Monday, June 15, 2015

Why I support forking websites

Before I begin this post proper, I should explain what forking means in the technical and practical sense.

Forking is a tech term for taking software (almost always open-source, though some proprietary software allows for this under certain legal and technical conditions) and making your version based off an existing branch of the software's development, which may or may not follow the path of the original software while still retaining the base code behind the original.

Tv Tropes uses a customized fork of PmWiki, which is a freely modifiable wiki engine, this is a technical fork made to suit their needs.

However, forking is also a social tool, as forking can be used for websites and website concepts. 8chan is a fork of the 4chan concept. Voat is a fork of the concept behind Reddit, Slimgur is a fork of the idea of Imgur and my own site, All The Tropes, is a fork of TV Tropes.

When websites fork, it's usually due to ideological splits with the site they forked from, and in the case of all the sites mentioned above, all forked from the websites behind their core concepts due to ideological opposition to censorship and those imposing it, and thus went to the forks where their wishes would be respected as a community, an idea I support wholeheartedly because censorship based on ideology is a slippery slope that does no one any favors in the long term.

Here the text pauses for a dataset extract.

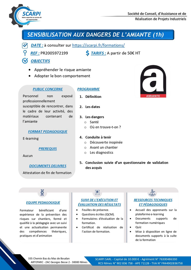 PROFIL DES APPRENANTS : Personnel non exposé professionnellement susceptible de rencontrer, dans le cadre de leur activité professionnelle, des matériaux contenant de l’amiante (Prérequis : Aucun)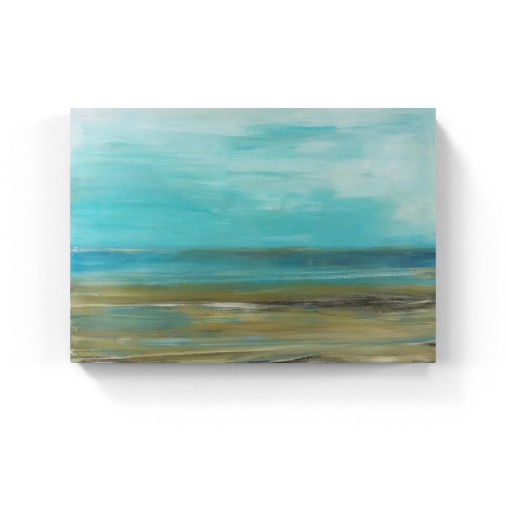 Soft blues and earthy tones make Serene Short II a meditation in color and stillness. The horizon-like composition is ideal for beach homes, spas, or minimalist interiors seeking calm.

Forks of websites may not always be identical in terms of function or technical structure, often for either legal or practical reasons, though most of the sites I mentioned that are forks are forks for practical reasons, though ATT is a mix of both since PmWiki was discarded as unsuitable for our goals and needs and because certain technical aspects of TV Tropes fall under potential copyright concerns I felt were best avoided by using a different wiki engine. Our site content is also based on the last legally viable point when the site content could be forked under acceptable licensing terms for redistribution.

Forking is often either derided or attacked by the source websites, mostly due to fear of revenue and userbase losses. ATT was attacked by Fast Eddie for these reasons, though the current administration of ATT and TVT have, after initial teething problems, settled into a period of benign indifference to each other so long as certain legal conditions are honored, such as not plagiarizing each other's content, which we have mutally agreed to respect and enforce. We have also promised each other to cooperate when dealing with vandals and other miscreants, and I personally hunted down information on someone who made a phished clone of TV Tropes and wrote a blog post on how to spot phished webpages because of my intense loathing of cyber crimes. TV Tropes has honorably rescinded their claim to retroactively own all edits made to their site and that users surrender their rights to redistribute, a fact we still note with gratitude.

It bears mentioning, though, even though I'm now a Gamergater (who are oft accused by their detractors as harrassers and criminals), that I firmly fall on the side of keeping a fork within the bounds of the law, and that all activities on that fork should be as ethical and aboveboard as possible, not only for obvious legal reasons, but because if a fork really broke from its source due to a perceived corruption of their founding principles, then it behooves the community of the fork to act more honorable than the place they left, else they be revealed as hypocrites.

2 comments:

  1. "even though I'm now a Gamergater"

    There is no reason for you to state that. By doing so, you imply that all Gamergate supporters are lawbreakers.

    ReplyDelete
  2. Good point, I'll reword that, but the common conception of pro-Gamergaters (sadly pushed by their detractors) is that all who support that are harrassers and criminals.

    I support their cause, but I believe in doing so according to law, despite what the other side may say of the pro-GG side.